Tuesday of Pentecost 6 – Lamentations 3:22-33 

22 The steadfast love of the Lord never ceases;
    his mercies never come to an end;
23 they are new every morning;
    great is your faithfulness.
24 “The Lord is my portion,” says my soul,
    “therefore I will hope in him.”

25 The Lord is good to those who wait for him,
    to the soul who seeks him.
26 It is good that one should wait quietly
    for the salvation of the Lord.
27 It is good for a man that he bear
    the yoke in his youth.

28 Let him sit alone in silence
    when it is laid on him;
29 let him put his mouth in the dust—
    there may yet be hope;
30 let him give his cheek to the one who strikes,
    and let him be filled with insults.

31 For the Lord will not
    cast off forever,
32 but, though he cause grief, he will have compassion
    according to the abundance of his steadfast love;
33 for he does not afflict from his heart
    or grieve the children of men.

If you like to keep track of such things, take note that this is the only time in the three-year pericope system that we hear anything from Jeremiah’s little book of Lamentations. That is a bit of a shame really. I do not want to wade into the world of church music and the conflict which surrounds praise music, but I do think we have a surfeit of praise songs and a deficit of lamentation songs. We have turned being sad into a sin sometimes, as if sadness were somehow a lack of faith. Christians are always supposed to be happy.

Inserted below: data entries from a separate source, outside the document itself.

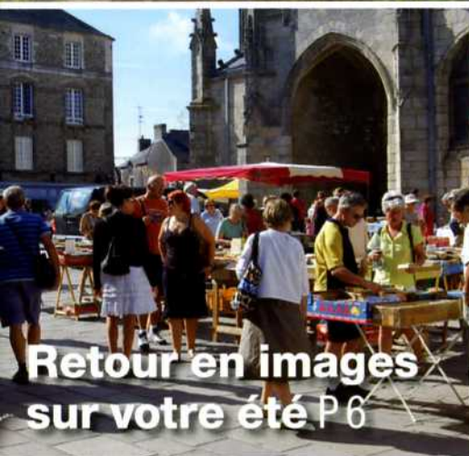
Retour en images sur votre été P 6
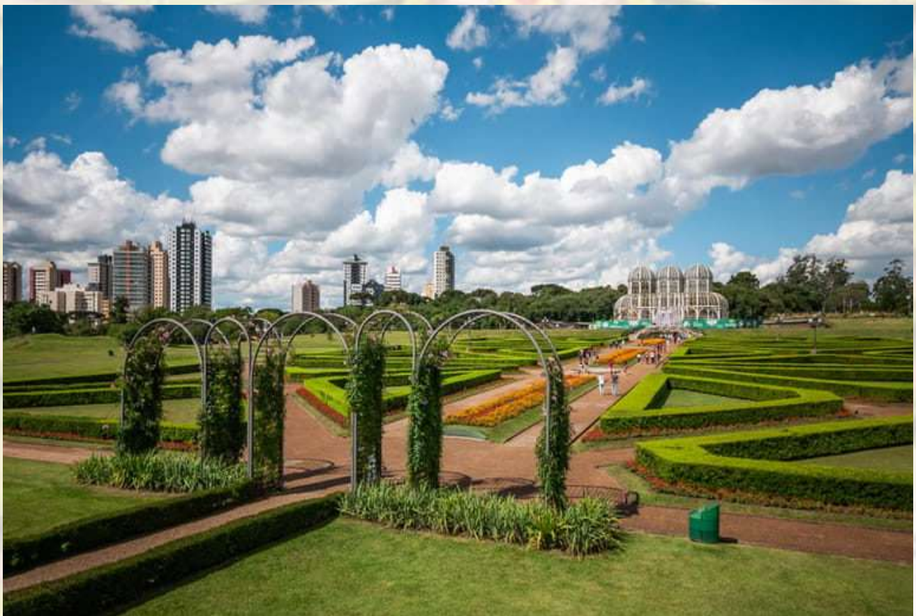
Jardim Botânico – Curitiba – PR
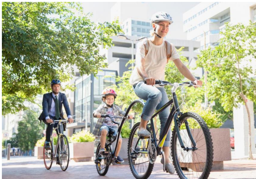
Slika 2. Bicikliranje kao ciklička aktivnost

Izvor: https://stampar.hr/hr/dogadanja/bicikliranje-aktivnost-koja-pozitivno-utjece-na-mentalno-i-fizicko-zdravlje (6.9.2024.)

The Bible does indeed exhort us to joy. Paul is rather insistent in Philippians (Phil. 4:4). But the scriptures would have us bring all our emotions to our prayers and to lay them before God. The psalmist is often sad, angry, and afraid. Our whole lives have been redeemed, including our sadness. Sin happens and sometimes we are sad. Jeremiah knew his share of sadness and then some. Even Jesus wept. Those too are God moments in our lives. He is teaching and helping us even then. It is hard to see and harder to feel God’s presence in those moments, but it is there. Jeremiah tells us two very important things about our suffering. In the last verses he tells us that God never afflicts us from his heart. In other words, God has never turned his heart against us. He always has compassion and steadfast love for us.

The second thing he tells us is even better. He tells the young man who is going through a difficult time that he should give his cheek to the one who strikes and to be filled with insults. This side of Good Friday we cannot hear those words and think of a time when a man in the prime of life was struck on the cheek, mocked, and filled with insults. Paul also says that rejoiced in suffering for he was “filling up” the suffering of Christ in his own body. That is another sort of joy, quiet and strong. That joy in suffering sings its lamentation in hope.